Dry eye syndrome is a common eye disease that affects many people worldwide. It is usually treated with eye drops, which has low bioavailability owing to rapid clearance from the ocular surface and leads to poor patient compliance and side effects. For the purpose of improving the therapeutic efficacy, nanostructured lipid carrier (NLC)-loaded dexamethasone (DEX) was prepared and functionalized with (3-aminomethylphenyl)boronic acid-conjugated chondroitin sulfate (APBA-ChS). As APBA has a boronic acid group, it can form a high-affinity complex with sialic acids present in the ocular mucin, which contributes to extension of corneal retention time and improvement of drug delivery. Compared with eye drops, Rhodamine B (RhB)-labeled APBA-ChS-NLC could significantly prolong the residence time on the corneal surface.

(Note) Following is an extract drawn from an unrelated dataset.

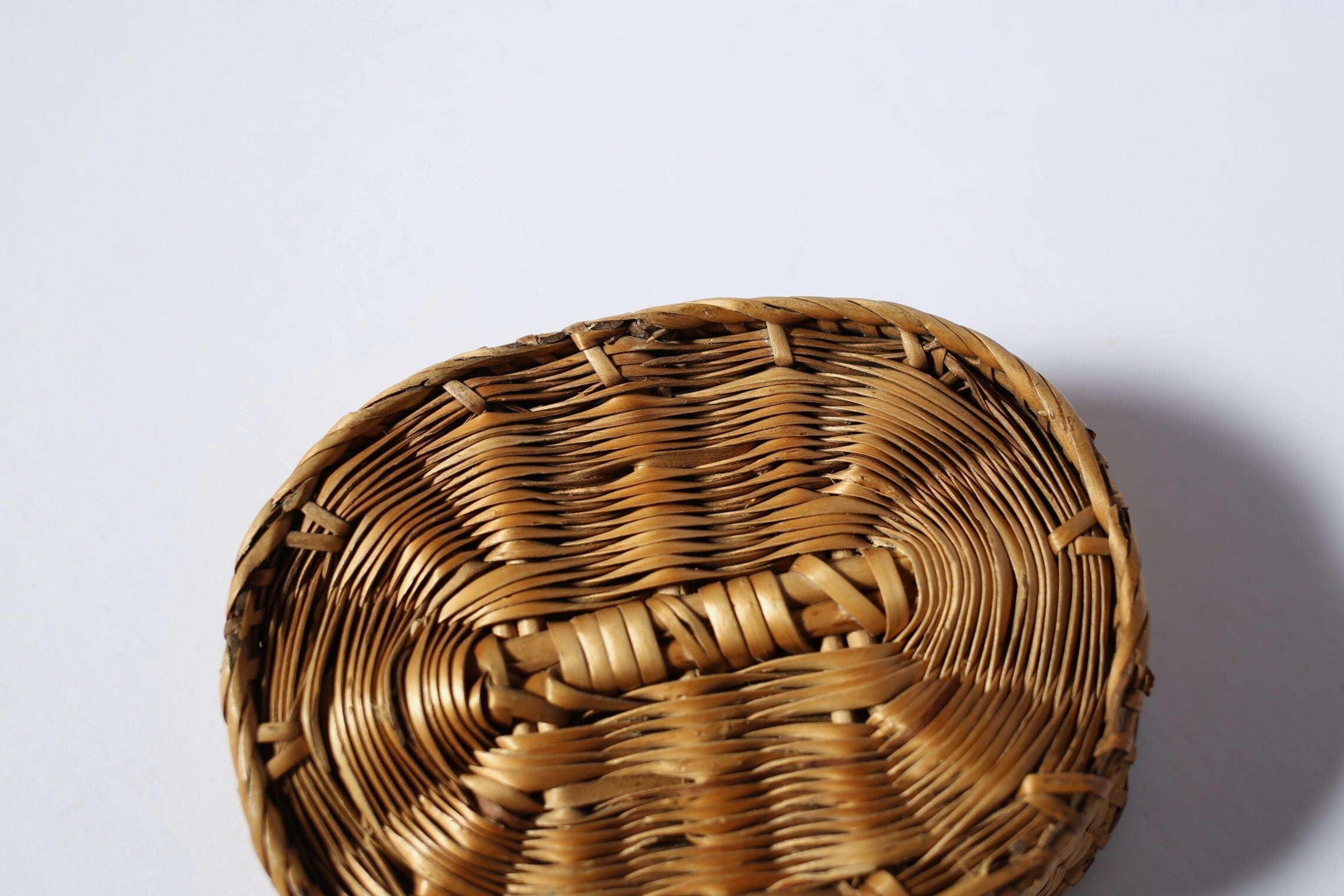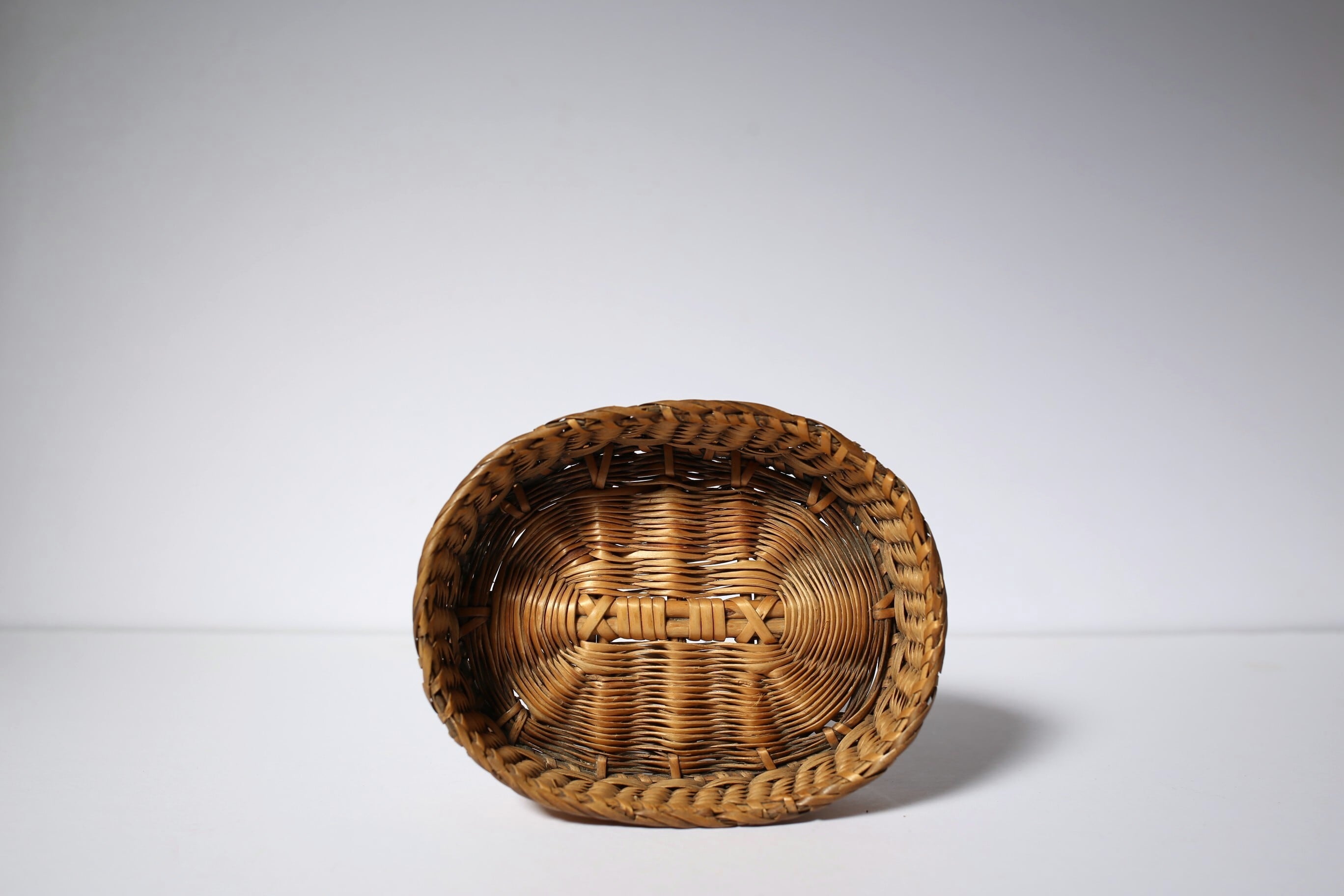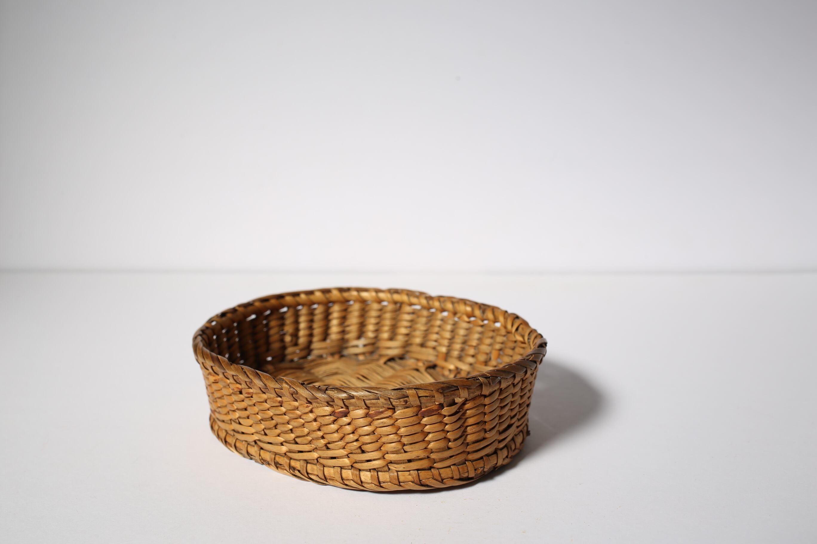 フランス アンティーク パニエ 浅く小さな細編みの美しいカゴ 約13cm×約10cm N-06186

Moreover, the DEX-APBA-ChS-NLC showed no irritation to the rabbit eye as indicated in irritation studies and histological images. The pharmacodynamics study indicated that DEX-APBA-ChS-NLC could relieve symptoms of dry eye disease in rabbits. These results demonstrated that the developed mucoadhesive drug carrier could improve the delivery of drugs and have promising potential to treat anterior eye diseases. STATEMENT OF SIGNIFICANCE: In this research, (3-aminomethylphenyl)boronic acid-conjugated chondroitin sulfate (APBA-ChS)-based nanostructured lipid carriers (NLCs) including dexamethasone (DEX) were designed and constructed. APBA-ChS, which is present on the surface of DEX-NLC and contains the boronic acid group, can form complex with sialic acids in the ocular mucin, hence leading to prolonged precorneal retention. This affinity between boronic acid and sialic acids was used to develop a mucoadhesive drug delivery system. The developed mucoadhesive drug carrier demonstrated prolonged retention time and alleviation of dry eye syndrome. APBA-ChS-based NLC may be considered a promising ocular drug delivery system for treating anterior eye diseases.